> Work item: Retype the entries below exactly, dropping the images.

[Records excerpted from a collection]
◇ ◇ ◇
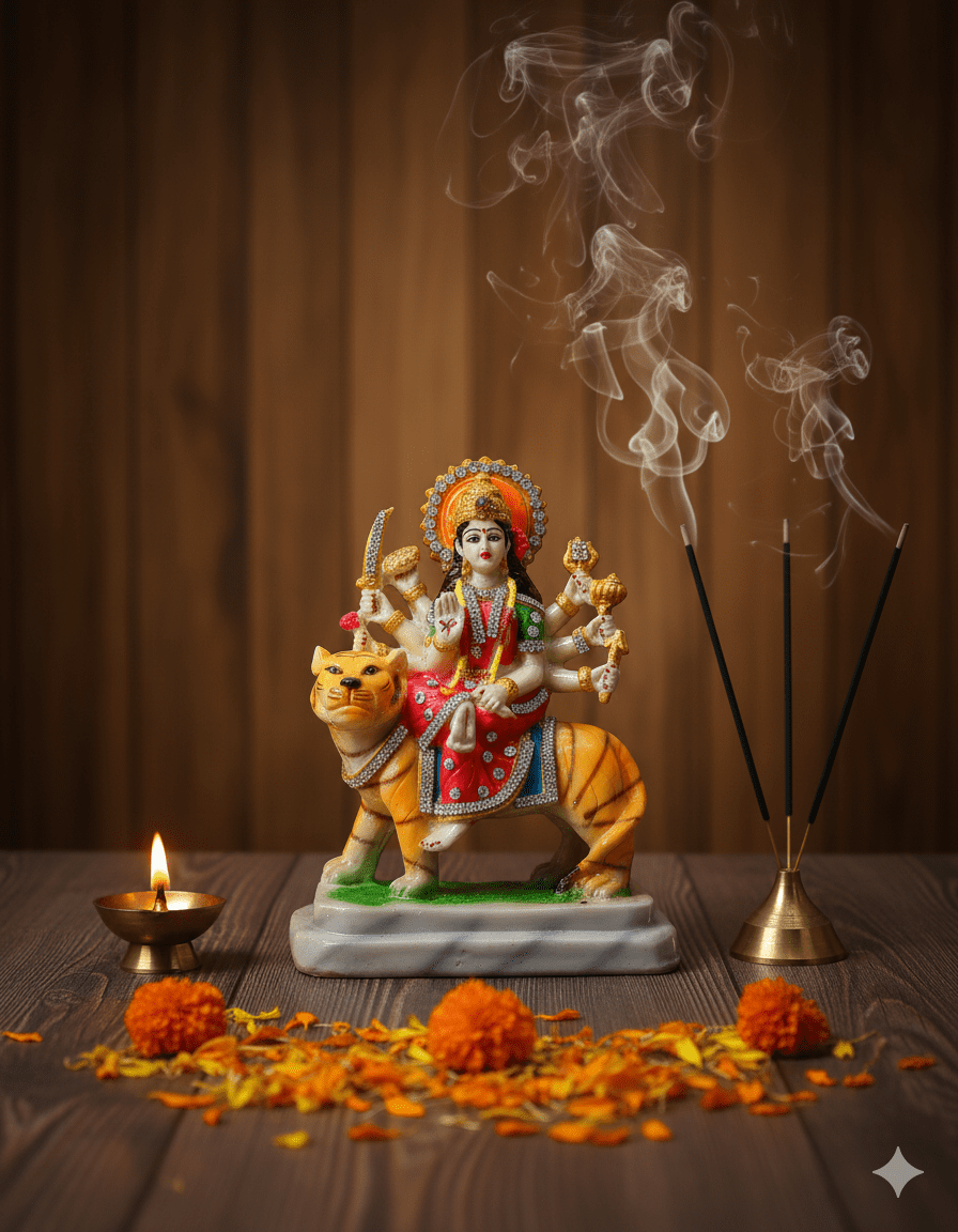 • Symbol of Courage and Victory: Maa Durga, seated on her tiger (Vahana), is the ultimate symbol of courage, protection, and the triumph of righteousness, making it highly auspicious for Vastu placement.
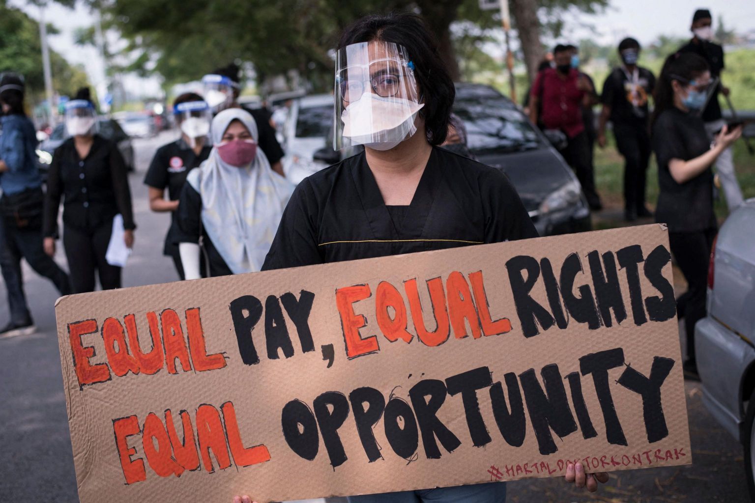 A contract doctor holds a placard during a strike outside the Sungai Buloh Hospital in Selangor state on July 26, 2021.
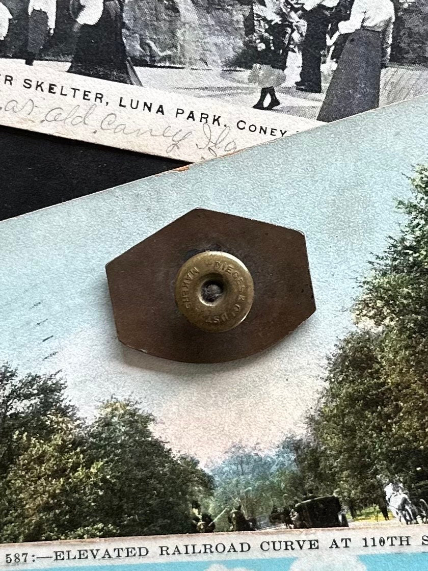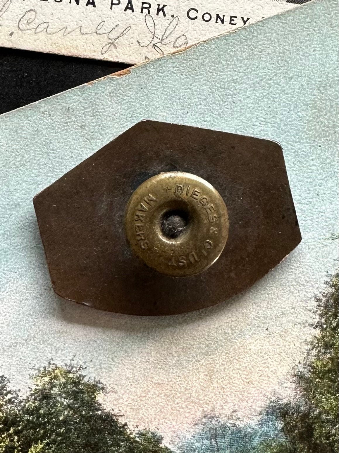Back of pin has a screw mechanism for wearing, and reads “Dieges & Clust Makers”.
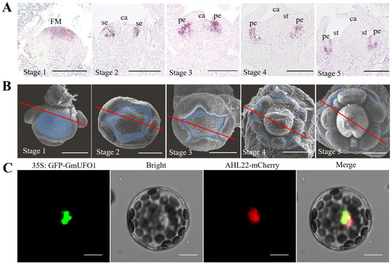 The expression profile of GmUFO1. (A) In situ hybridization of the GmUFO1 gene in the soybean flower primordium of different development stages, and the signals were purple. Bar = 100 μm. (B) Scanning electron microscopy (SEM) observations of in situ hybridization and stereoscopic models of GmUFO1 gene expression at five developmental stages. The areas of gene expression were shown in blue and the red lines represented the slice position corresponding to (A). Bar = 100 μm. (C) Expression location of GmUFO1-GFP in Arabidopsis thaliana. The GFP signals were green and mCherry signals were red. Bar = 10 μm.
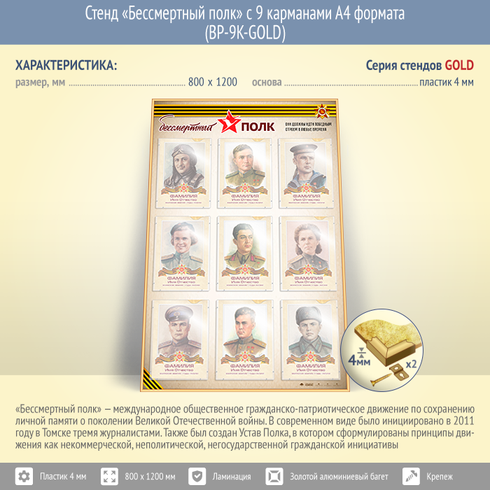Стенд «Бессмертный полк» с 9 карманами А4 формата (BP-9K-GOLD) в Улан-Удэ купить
◇ ◇ ◇
> Reply:
 • Symbol of Courage and Victory: Maa Durga, seated on her tiger (Vahana), is the ultimate symbol of courage, protection, and the triumph of righteousness, making it highly auspicious for Vastu placement.
 A contract doctor holds a placard during a strike outside the Sungai Buloh Hospital in Selangor state on July 26, 2021.
Back of pin has a screw mechanism for wearing, and reads “Dieges & Clust Makers”.
 The expression profile of GmUFO1. (A) In situ hybridization of the GmUFO1 gene in the soybean flower primordium of different development stages, and the signals were purple. Bar = 100 μm. (B) Scanning electron microscopy (SEM) observations of in situ hybridization and stereoscopic models of GmUFO1 gene expression at five developmental stages. The areas of gene expression were shown in blue and the red lines represented the slice position corresponding to (A). Bar = 100 μm. (C) Expression location of GmUFO1-GFP in Arabidopsis thaliana. The GFP signals were green and mCherry signals were red. Bar = 10 μm.
Стенд «Бессмертный полк» с 9 карманами А4 формата (BP-9K-GOLD) в Улан-Удэ купить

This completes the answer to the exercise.